One of the saddest stories of the year has gone largely unreported: the slowdown of political and economic progress in sub-Saharan Africa. There is no longer a clear path to be seen, or a simple story to be told, about how the world’s poorest continent might claw its way up to middle-income status. Africa has amazing human talent and brilliant cultural heritages, but its major political centers are, to put it bluntly, falling apart.
Three countries are more geopolitically central than the others. Ethiopia, with a population of 118 million, is sub-Saharan Africa’s second-most populous nation and the most significant node in East Africa. Nigeria has the most people (212 million) and the largest GDP on the continent. South Africa, population 60 million, is the region’s wealthiest nation, and it is the central economic and political presence in the southern part of the continent.

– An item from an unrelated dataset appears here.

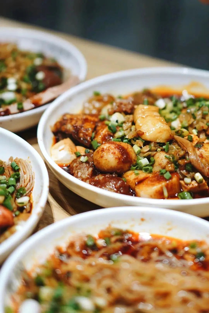 衢州的麻辣烫算是自成一派,它的食材和调味都很特别,肉圆、滑肉、猪肺、笋衣……别处不常有的食材却是衢州麻辣烫的“常客”。衢州麻辣烫以干拌为主,葱花、香菜、酸菜铺满表面,再淋上一圈秘制蘸料和一大勺香喷喷的辣椒油,光是想想就口水直流。

Within the last two years, all three of these nations have fallen into very serious trouble.
A worthwhile column ending with this glum speculation.
These sub-Saharan political regressions might just be a coincidence in their timing. But another disturbing possibility is that the technologies and ideologies of our time are not favorable for underdeveloped nation-states with weak governments and many inharmonious ethnic groups. In that case, all this bad luck could be a precursor of even worse times ahead.
I have great faith in the Age of Enlightenment world view and its capacity to generate prosperity and well-being for everyone. I would not write it off, even if we cannot currently quite see the pathways forwards for African nations.
However, that comment about "inharmonious ethnic groups"? That ought to be a warning to the Critical Race Theorists in the US. We have succeeded so magnificently based on the tolerance embedded in the belief of human universalism and individualism. The pursuit of group interests and an insistence on group or race identities is a reliable recipe for disaster. As Africa currently demonstrates.
There is a fundamental challenge for the Age of Enlightenment world order. AoE is a function of emergent order from established principles. We too often view progress as an engineered planning approach and AoE delivers desirable outcomes via free people, with free speech, pursuing individual aspirations that accumulate into common shared prosperity in a way that is incompatible with the engineering view. There is no visible plan other than the confidence that the AoE world view works, has worked, and will work.